Progressively Pretrained Dense Corpus Index for Open-Domain Question
Answering
- URL: http://arxiv.org/abs/2005.00038v2
- Date: Fri, 19 Feb 2021 04:37:42 GMT
- Title: Progressively Pretrained Dense Corpus Index for Open-Domain Question
Answering
- Authors: Wenhan Xiong, Hong Wang, William Yang Wang
- Abstract summary: We propose a simple and resource-efficient method to pretrain the paragraph encoder.
Our method outperforms an existing dense retrieval method that uses 7 times more computational resources for pretraining.
- Score: 87.32442219333046
- License: http://arxiv.org/licenses/nonexclusive-distrib/1.0/
- Abstract: To extract answers from a large corpus, open-domain question answering (QA)

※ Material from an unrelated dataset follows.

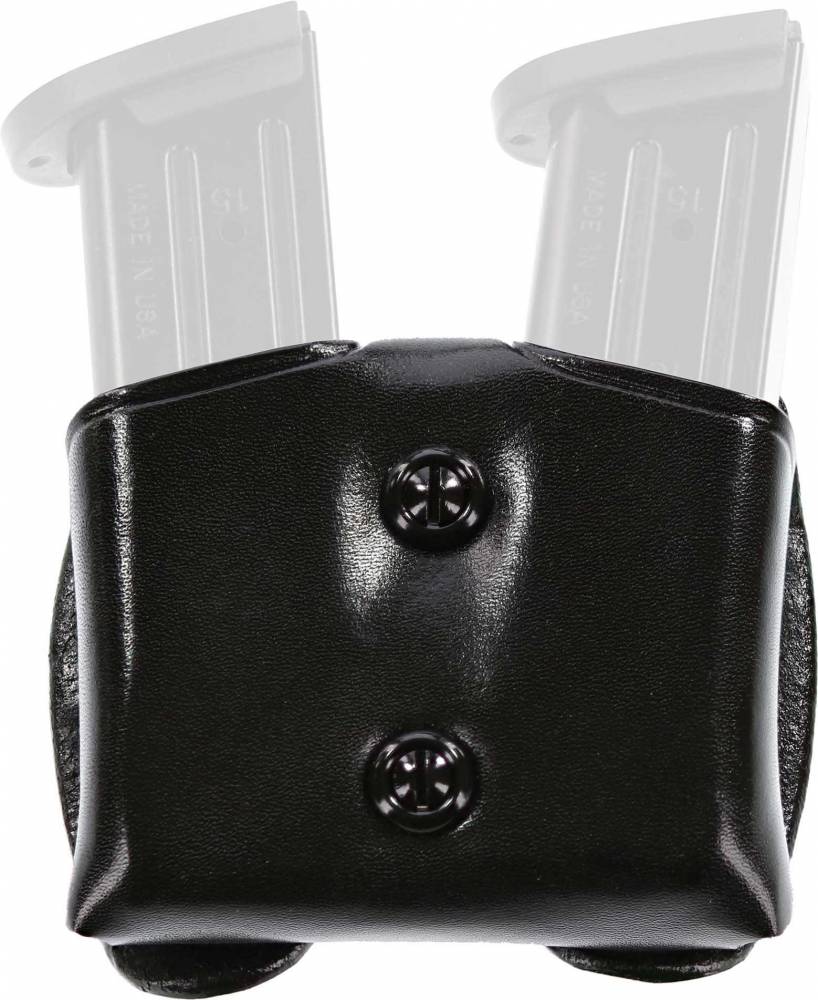 The DMC is an exceptional wrap-around design featuring two one-way snaps on back, allowing it to fasten to your belt vertically. It also includes two tension screw adjustments on front, providing a precision fit.Constructed of premium saddle leather and designed to fit belts 1" - 1 1/4" through belt slots and 1 1/2" - 1 3/4" through the belt channel.

systems usually rely on information retrieval (IR) techniques to narrow the
search space. Standard inverted index methods such as TF-IDF are commonly used
as thanks to their efficiency. However, their retrieval performance is limited
as they simply use shallow and sparse lexical features. To break the IR
bottleneck, recent studies show that stronger retrieval performance can be
achieved by pretraining a effective paragraph encoder that index paragraphs
into dense vectors. Once trained, the corpus can be pre-encoded into
low-dimensional vectors and stored within an index structure where the
retrieval can be efficiently implemented as maximum inner product search.
Despite the promising results, pretraining such a dense index is expensive
and often requires a very large batch size. In this work, we propose a simple
and resource-efficient method to pretrain the paragraph encoder. First, instead
of using heuristically created pseudo question-paragraph pairs for pretraining,
we utilize an existing pretrained sequence-to-sequence model to build a strong
question generator that creates high-quality pretraining data. Second, we
propose a progressive pretraining algorithm to ensure the existence of
effective negative samples in each batch. Across three datasets, our method
outperforms an existing dense retrieval method that uses 7 times more
computational resources for pretraining.